How very interesting Maggie.

I for my part have been delving a bit further into the Black Death and whilst this piece is not specifically for Lancashire, I think it is worth posting.  It is an extract from the writings of Henry Knighton of Leicester, who observed the arrival of the Black Death in England in 1348 and describes its effects on farming thus:

"In the same year there was a great murrain of sheep everywhere in the kingdom, so that in one place in a single pasture more than 5,000 sheep died; and they putrefied so that neither bird nor beast would touch them.

Everything was low in price because of the fear of death, for very few people took any care of riches or property of any kind.............  Sheep and cattle ran at large through the fields and among the crops, and there was none to drive them off or herd them; for lack of care they perished in ditches and hedges in incalculable numbers throughout all districts, and none knew what to do.
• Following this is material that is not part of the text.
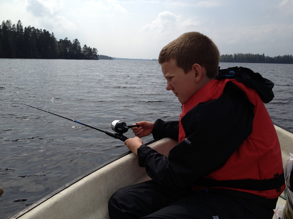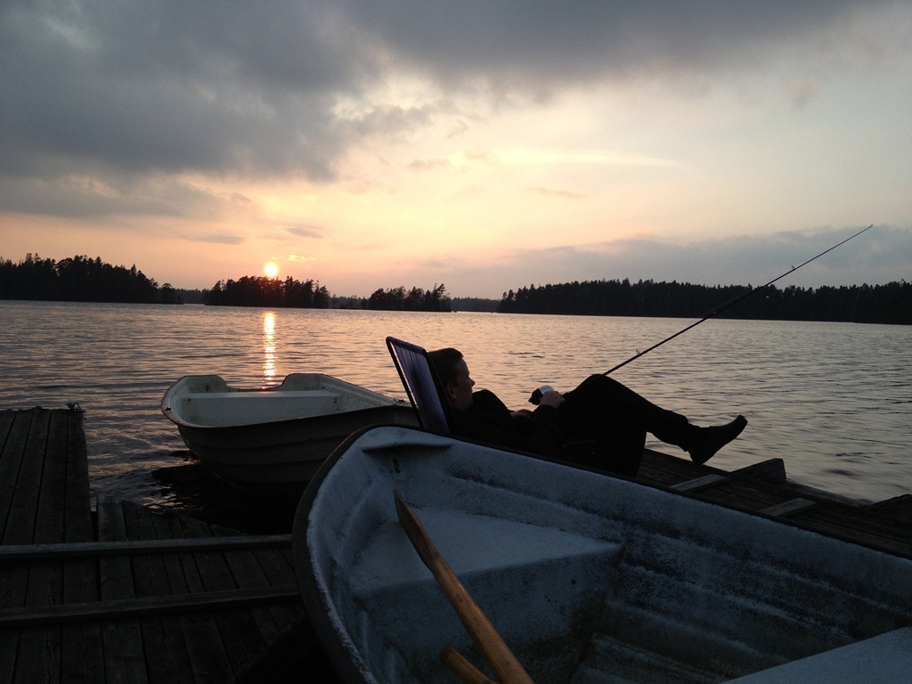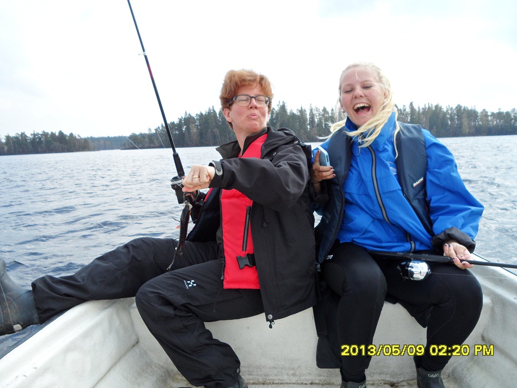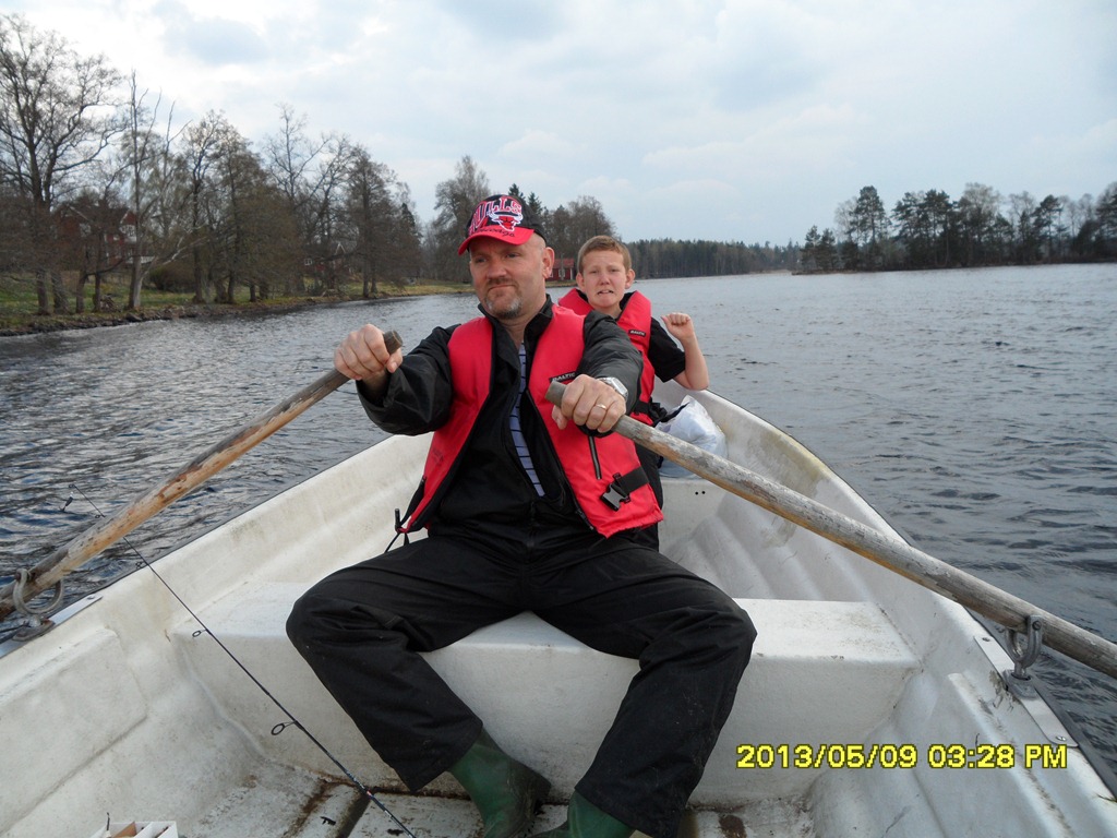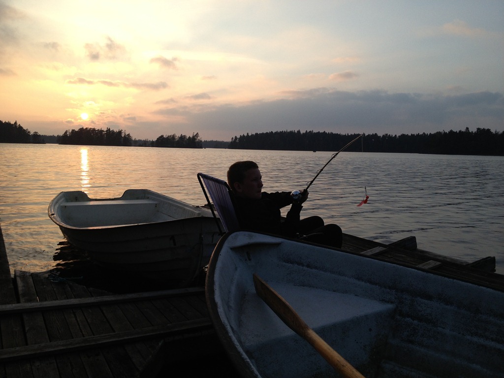 Efter lunchen så ordnade vi fiskekort och hyrde en båt. Sedan rodde vi ut på sjön och fiska lite. Solen kom fram och det blev en riktigt skön eftermiddag på sjön. ![]()

For there was no memory of death so stern and cruel since the time of Vortigern, King of the Britons, in whose day, as Bede testifies, the living did not suffice to bury the dead. ..........Wherefore many crops wasted in the fields for lack of harvesters. But in the year of the pestilence, as has been said above, there was so great an abundance of every type of grain that almost no one cared for it."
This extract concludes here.